Nothing helped. Pictures from Luke Murray’s MySpace page, and Gay-dot-Com profile appeared nightly on every cable news channel. Two years prior Bryan had actually done a YouTube video which mentioned Superman by name and stated “Girlfriend, I’d jump off a building twice a day to have that guy catch me, mmmm mmm.” Newscasters speculated that Superman might have seen this video and purposely let Bryan plunge to his death.

A national campaign to throw glitter at Superman every time he appeared in public was beginning to gain steam, and Superman couldn’t go anywhere in the world without mass amounts of people throwing glitter at him. There was actually a glitter gala thrown on the Golden Gate Bridge in San Francisco where 40,000 people threw glitter off the bridge in protest to Superman (Bio-Based Glitter of course, which polluted the bay anyways). It was actually quite beautiful.

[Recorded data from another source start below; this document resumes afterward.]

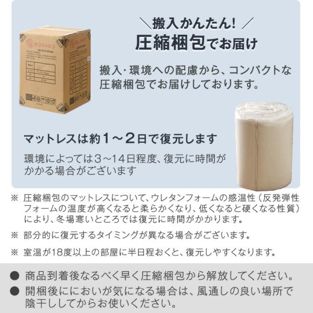 ※圧縮梱包のマットレスについて、ウレタンフォームの感温性(反発弾性フォームは温度が高くなると柔らかくなり、低くなると硬さが高くなる性質)により冬場、寒いところで復元させると、復元に時間がかかります。又、部分的に復元するタイミングが異なる場合がございます。室温が18度以上の部屋に半日くらいおくと、回復がしやすくなります。
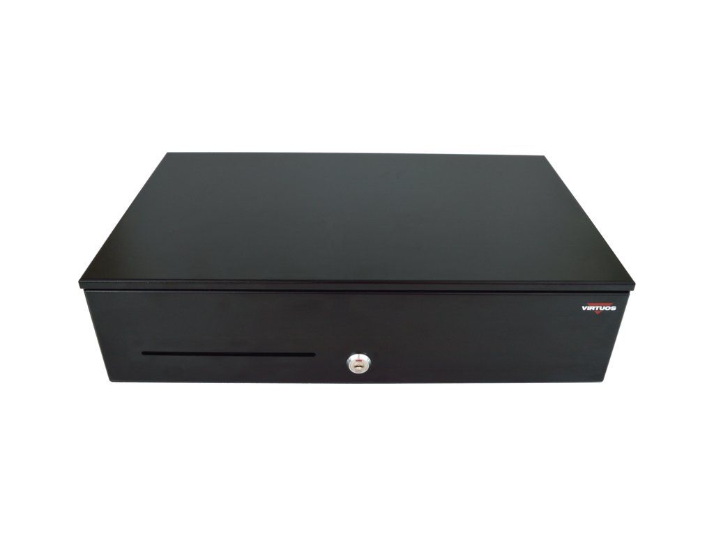Základní parametry * Konstrukčně podobné Flip top zásuvkám, zde s předním otvíráním * Stejný pořadač s Flip top zásuvkami * Vyjímatelný pořadač na bankovky (nastavitelný) a mince * Otvírání zásuvky lze provádět mechanicky klíčkem nebo elektronicky * Vkládání bankovek a šeků bez otevření zásuvky - přední štěrbinou * Elektronická kontrola zavření zásuvky * Mechanicky odolná konstrukce * Čisté a přesné mechanické zpracování * Univerzální připojení libovolných pokladních systémů pomocí konektoru RJ50-10p10c výběrem příslušného externího kabelu * Zámky dodávány s ,dvěma klíči *Součástí kabel RJ12 24V pro připojení k pokladní tiskárně (EKA0518)
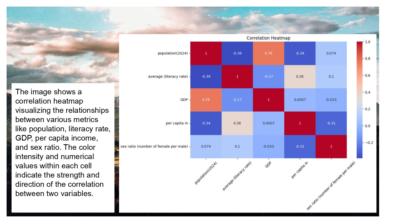 - Correlation heatmap visualizing relationships between population, literacy rate, GDP, per capita income, and sex ratio.

And perhaps it’s the nature of the public to throw away issues with one simple turn of a page, or it’s the nature of super-heroes to work tirelessly on situations that end up having incredibly simple (and dumb) solutions, but one day with one gesture, the issue just went away. Superman was flying over the city one night and noticed the opening of a new gay bar downtown. “The A-Null Cavity” had a very public opening that several gay-lebrities showed up to. Superman just decided to fly down and go in. The bouncer, a straight heavy black man named Malcolm Mulligan, was so awestruck to see Superman that he just let him in without thinking about how the crowd would react.

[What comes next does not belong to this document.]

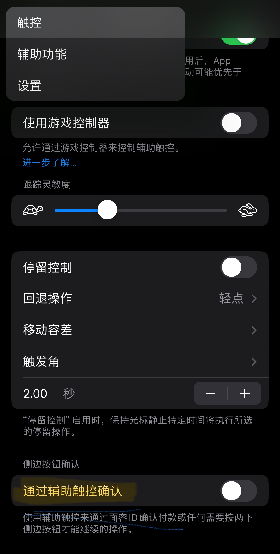 以下用户的用户个人资料: 古_月 古_月 用户级别: 级别 1 9 积分 2023年6月26日 上午8:15 回应 网际流云 设置-辅助功能-触控-辅助触控 底部有通过辅助触控确认,不过开启需要双击侧边按键。如果是间歇性可用的话可以尝试。 回复 链接

Although the music didn’t stop when he walked in, it certainly seemed like it did. The whole room paused in their tracks, and tried to figure out if this was indeed the real Superman or just a really hot guy wearing a Superman costume. Oddly enough, Superman was only one of three men in the bar wearing a cape, and one of eight who were wearing a square cute red Speedo. He walked up to the bar, where two men were standing, Hayden Revert (pronounced Ree-Vart), and Michael Montoya, and asked them what was good here. They both blurted out how fabulous the Lemon Drops were, and Superman ordered one. Later Hayden and Michael commented on how amazing Superman smelled, and how surprised they were that he ordered a regular alcoholic drink just like any other guy. One broken heel, one dead gay guy, one polluted bay, thousand of tons of glitter, and countless hours of blogging just ended with one Lemon Drop that the bartender didn’t even make with good vodka.

Years later a gay blogger named Nathan Bellows wrote this about the event. “The man’s 6-3, 210 lbs, wavy black hair, with beautiful blue eyes who flies around in a skin tight costume accenting his puur-fect Kryponian ass … shit, a gay man can only hate something that looks like that for so long!”